» **REQUIRED WORK**
Would you copy the records below, exactly and only from their first line through the line containing "상위 리스트는 이번 2026학년도", without any pictures?

═══ LISTED ENTRIES

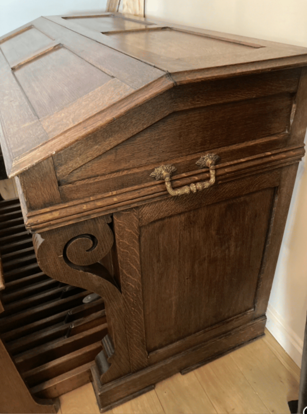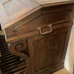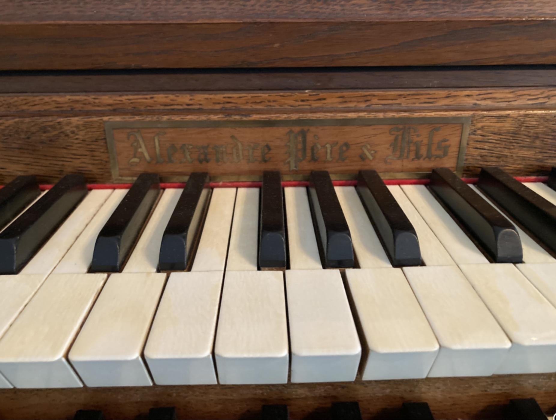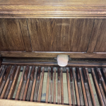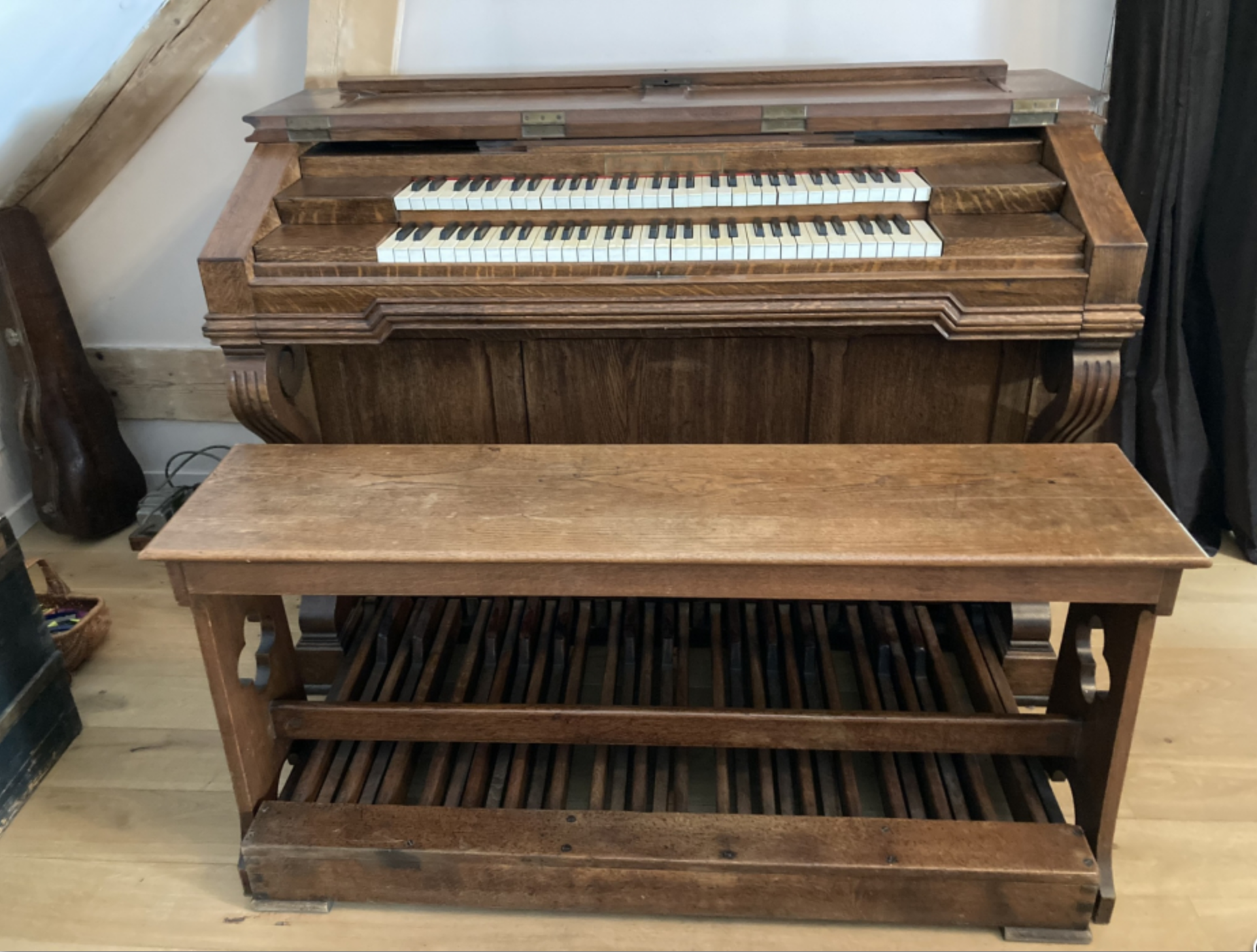 Harmonium à pédalier Alexandre, claviers de 61 notes et pédalier de 30 notes. 4 jeux permanents : 8 mordant au II, 8 rond au I, 16-8 à la pédale. Dispose également d’un accouplement des 2 claviers ainsi que d’une pédale de Forte pour le deuxième clavier. Il y a également une pédale expressive. Le moteur électrique, interne est en 110 V. L’instrument est en bon état mais nécessite une petite révision. Idéal pour l’’étude de l’orgue ce pourquoi je l’avais acheté.
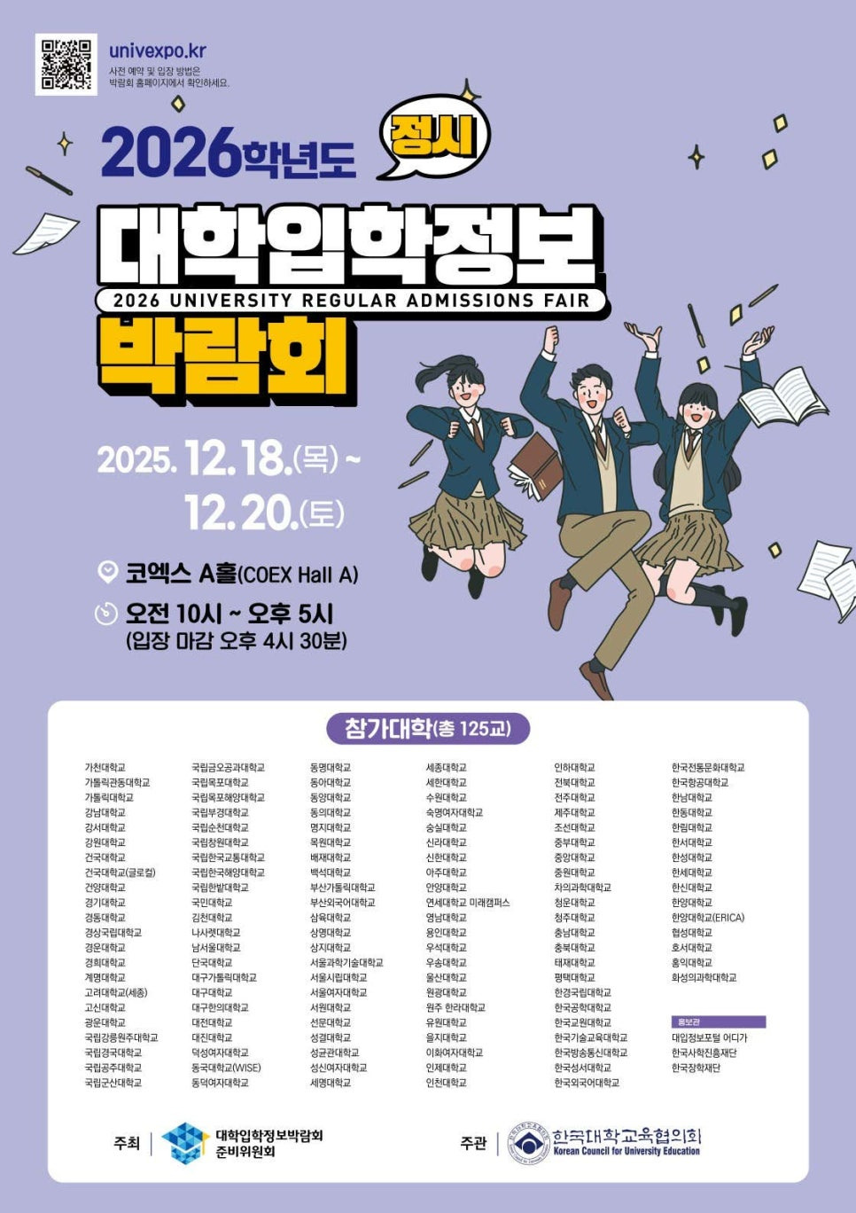 상위 리스트는 이번 2026학년도 정시 박람회(2025.12.18~12.20) 기준이며, 다가오는 2027학년도 수시(2026.07.23~25) 및 정시(2026.12.10~12) 박람회에도 대부분의 주요 대학이 참여할 예정이니 일정을 미리 체크해 두시기 바랍니다.
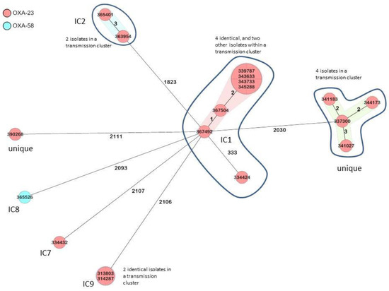 A minimum spanning tree of the A. baumannii strains based on 2390 target alleles (core genome) is presented. The study I.D.s of the isolates are shown within the nodes, and the numbers between the nodes indicate the number of alleles that were different. Isolates, which are elements of transmission clusters, are either shown within the same node or connected with transparent bands. Isolates are colored based on the detected blaOXA gene.
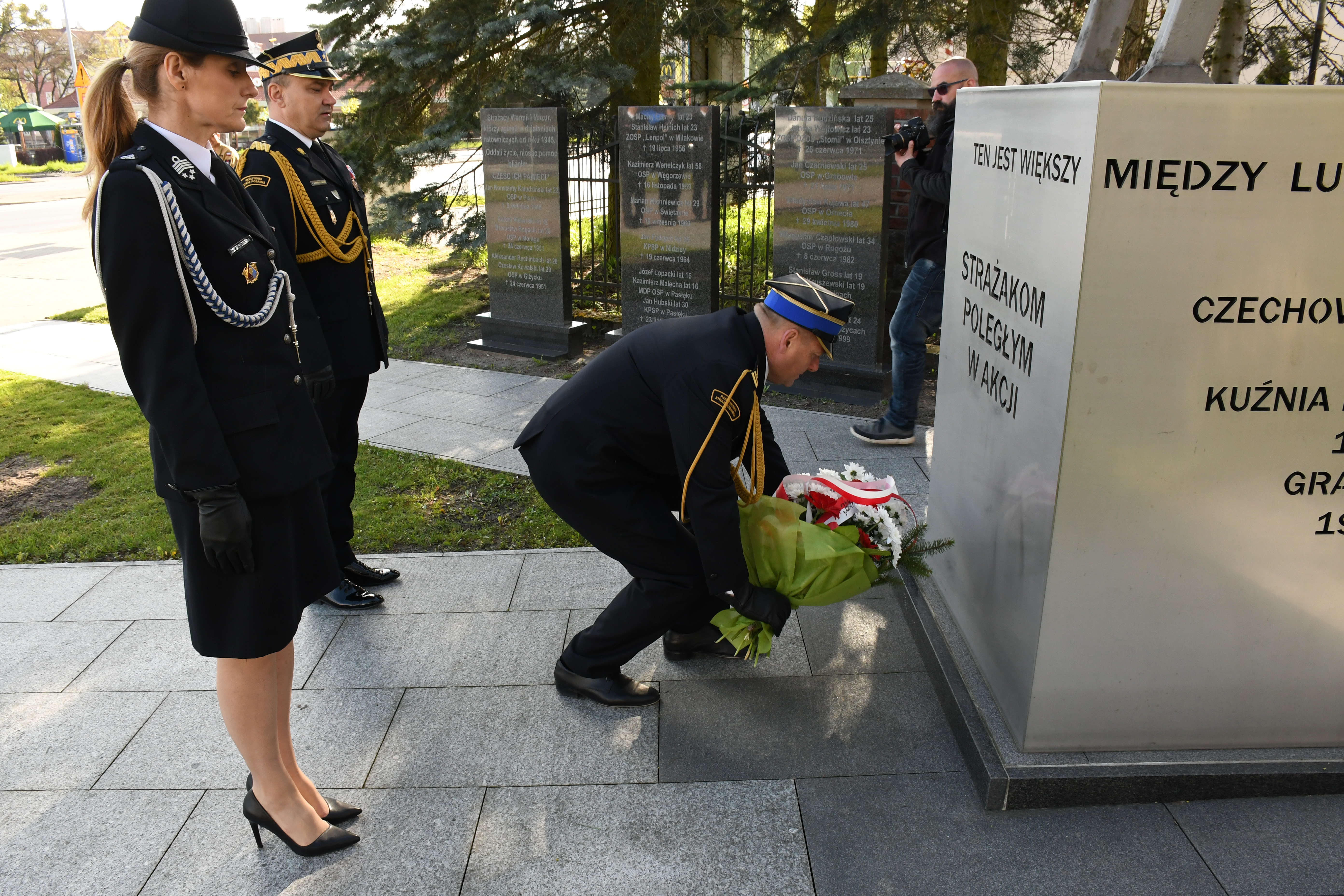 W dniu Świętego Floriana 4 maja obchodzimy Międzynarodowy Dzień Strażaka. W dniu naszego święta pamiętamy o strażakach, którzy odeszli na wieczną służbę. 4 maja o poranku nadbryg. Tomasz Komoszyński Warmińsko-Mazurski Komendant Wojewódzki Państwowej Straży Pożarnej wraz z dh Sylwią Jaskulską Wiceprezesem Zarządu Wojewódzkiego ZOSP RP, a zarazem Członkiem Zarządu Województwa Warmińsko-Mazurskiego i w asyście swoich Zastępców st. bryg. Adama Jastrzębskiego i st. bryg. Tomasza Ostrowskiego, a także st. bryg. Sergiusza Dłuskiego Zastępcy Komendanta Miejskiego PSP w Olsztynie i dh Macieja Jasińskiego Dyrektora Wykonawczego Zarządu Wojewódzkiego ZOSP RP złożyli symboliczną wiązankę kwiatów i zapalili znicz przed Pomnikiem Pamięci Poległym Strażakom w Olsztynie, ku pamięci strażaków, którzy odeszli na wieczną służbę.
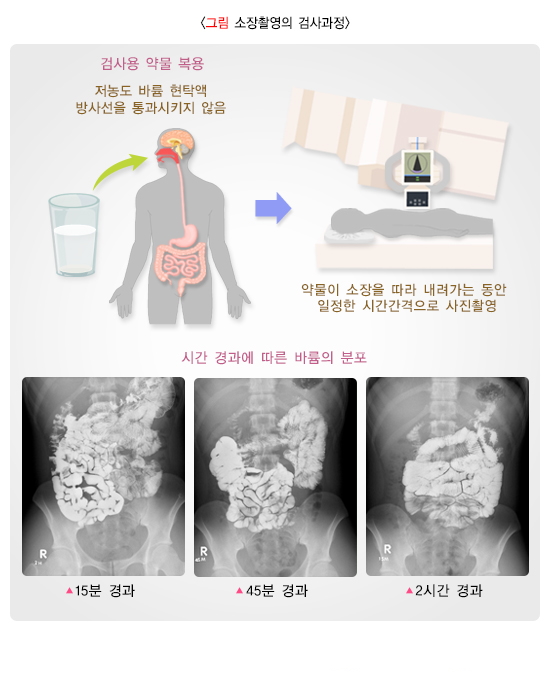 소장 촬영은 방사선 투시조영기라는 기계를 이용하여 진행합니다. 투시조영이란 연속적으로 방사되는 X선을 인체에 투과하여 영상을 얻는 방법으로, 영상은 모니터를 통해 실시간 관찰이 가능하고 동영상 또는 정지 화면으로 촬영이 가능합니다.

══════

» **RESPONSE TO THE EXERCISE**
 Harmonium à pédalier Alexandre, claviers de 61 notes et pédalier de 30 notes. 4 jeux permanents : 8 mordant au II, 8 rond au I, 16-8 à la pédale. Dispose également d’un accouplement des 2 claviers ainsi que d’une pédale de Forte pour le deuxième clavier. Il y a également une pédale expressive. Le moteur électrique, interne est en 110 V. L’instrument est en bon état mais nécessite une petite révision. Idéal pour l’’étude de l’orgue ce pourquoi je l’avais acheté.
 상위 리스트는 이번 2026학년도 정시 박람회(2025.12.18~12.20) 기준이며, 다가오는 2027학년도 수시(2026.07.23~25) 및 정시(2026.12.10~12) 박람회에도 대부분의 주요 대학이 참여할 예정이니 일정을 미리 체크해 두시기 바랍니다.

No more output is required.